AIM OF THE TASK:
Reproduce the records below in full and word for word, excluding pictures.

[Start of Attachment]

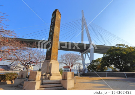 天保山公園(世界帆船まつり記念碑)と天保山大橋
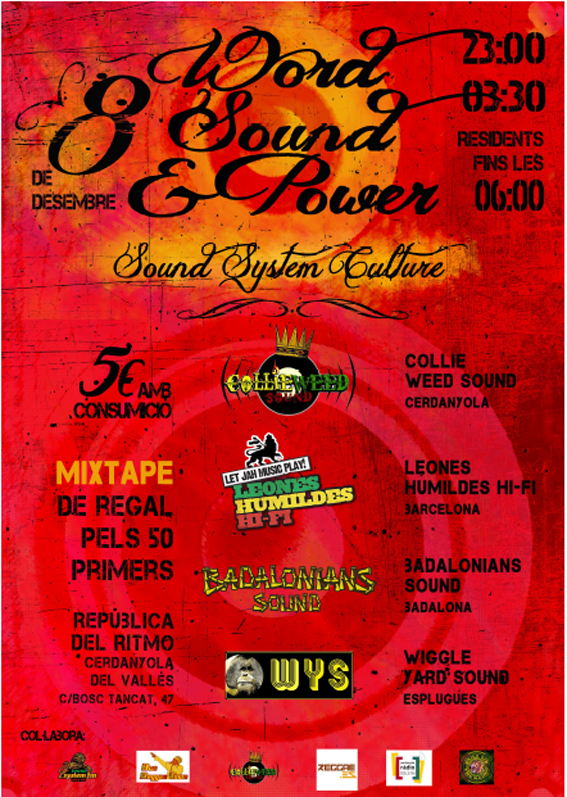 El 8 de Diciembre, Word, Sound & Power, en la sala Republica del Ritmo (Rep del Ritmo) con Leones Humildes Hi-Fi, feat. Irie Souljah, Sound y Collie Weed Sound. Sound system 100 % vinyl.
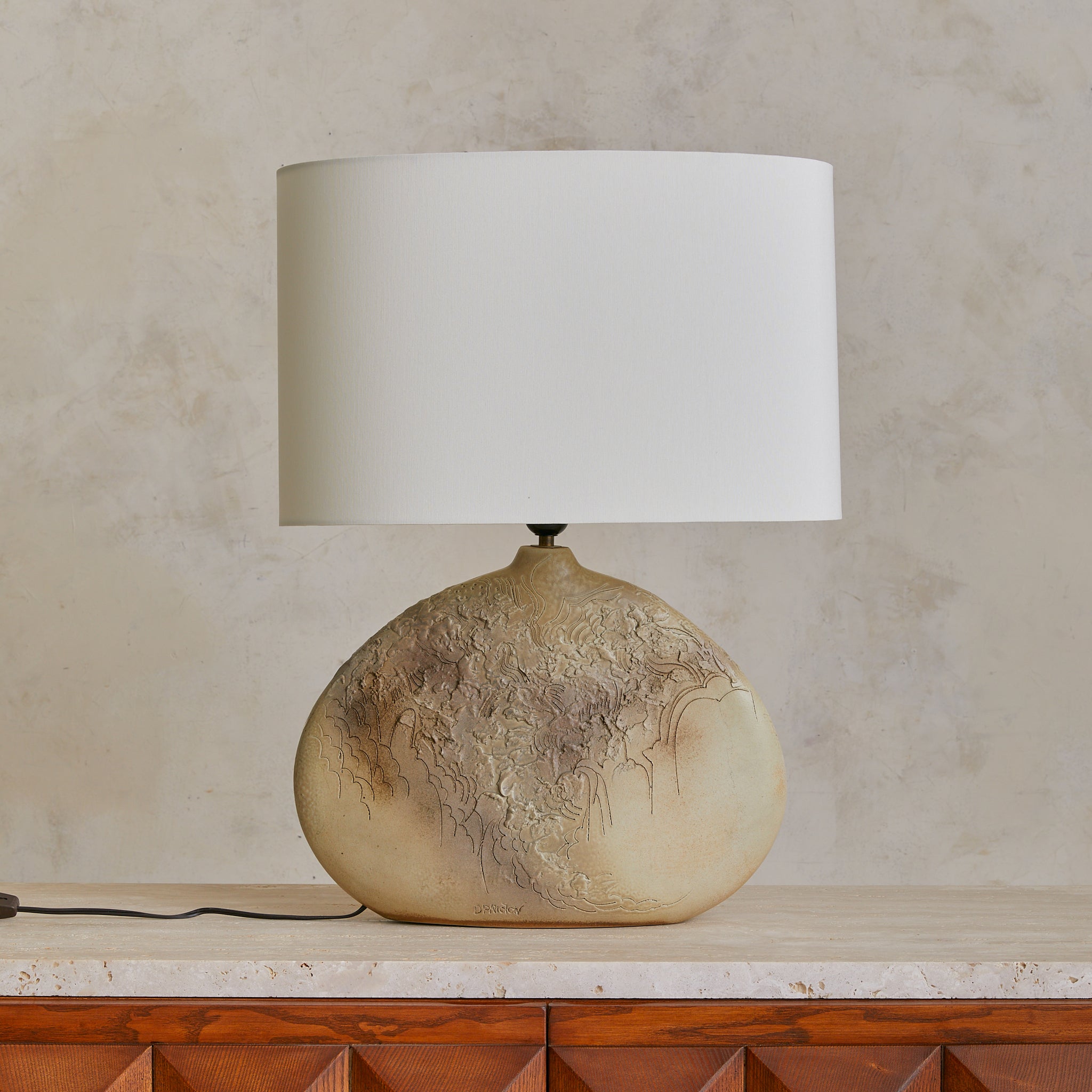 A French table lamp from the 1970s, signed by the artist and sculpted in ceramic with a rich matte glaze and textured relief. The rounded base reads like softened stone, its surface incised with an abstracted landscape—peaks, arches, and organic swells that shift in the light.
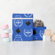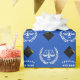 Encapsulamento de presente de formando de direito criativo com escalas felizes de justiça em um fundo azul real para festas de formatura. Edite o texto para adicionar o nome do seu advogado favorito.
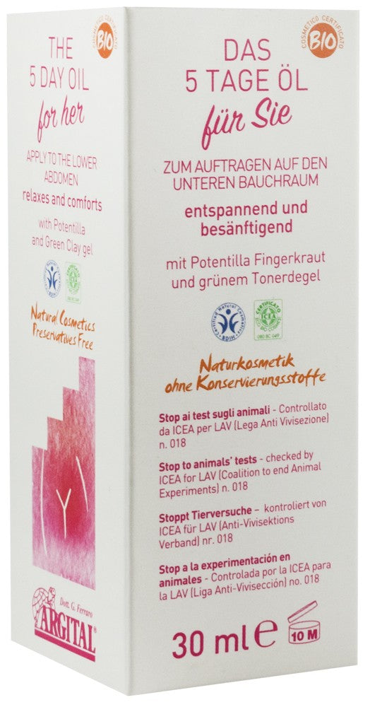 Uleiul de 5 zile relaxează și alină tensiunea ori disconfortul în perioada menstruala, cele 5 zile ale lunii în care o femeie este vulnerabilă atât fizic cât și psihic.
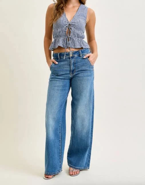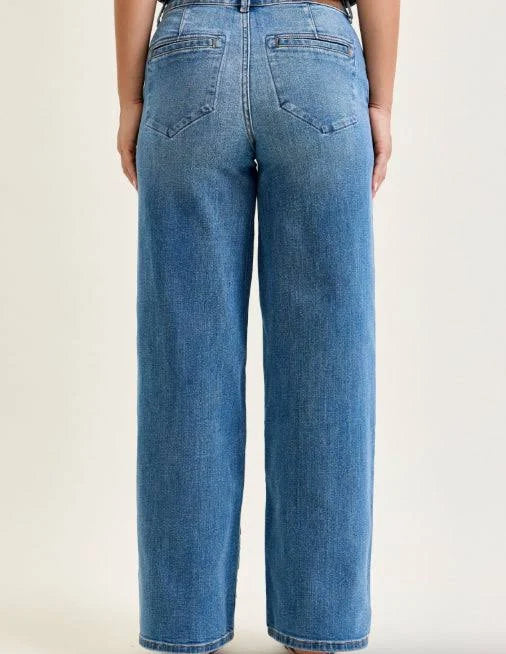 Judy Blue Women's Medium Wash Wide Column High-Rise Trouser Jeans 82696
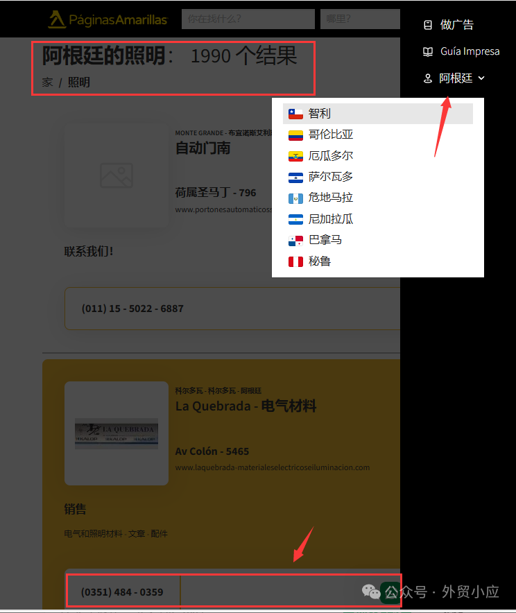 网址:www.paginasamarillas.com分享一个拉丁美洲的本地企业名录网站,覆盖阿根廷,智利,哥伦比亚,巴拿马,秘鲁,厄瓜多尔等国,西班牙语,可以网页直译,但是关键词建议翻译西班牙语后再搜精准度会更高比如你想开发阿根廷的灯饰客户,记得右边提前设置国家后,再输入关键词查询

[End of Attachment]

REPLY TO THE TASK:
 天保山公園(世界帆船まつり記念碑)と天保山大橋
 El 8 de Diciembre, Word, Sound & Power, en la sala Republica del Ritmo (Rep del Ritmo) con Leones Humildes Hi-Fi, feat. Irie Souljah, Sound y Collie Weed Sound. Sound system 100 % vinyl.
 A French table lamp from the 1970s, signed by the artist and sculpted in ceramic with a rich matte glaze and textured relief. The rounded base reads like softened stone, its surface incised with an abstracted landscape—peaks, arches, and organic swells that shift in the light.
 Encapsulamento de presente de formando de direito criativo com escalas felizes de justiça em um fundo azul real para festas de formatura. Edite o texto para adicionar o nome do seu advogado favorito.
 Uleiul de 5 zile relaxează și alină tensiunea ori disconfortul în perioada menstruala, cele 5 zile ale lunii în care o femeie este vulnerabilă atât fizic cât și psihic.
 Judy Blue Women's Medium Wash Wide Column High-Rise Trouser Jeans 82696
 网址:www.paginasamarillas.com分享一个拉丁美洲的本地企业名录网站,覆盖阿根廷,智利,哥伦比亚,巴拿马,秘鲁,厄瓜多尔等国,西班牙语,可以网页直译,但是关键词建议翻译西班牙语后再搜精准度会更高比如你想开发阿根廷的灯饰客户,记得右边提前设置国家后,再输入关键词查询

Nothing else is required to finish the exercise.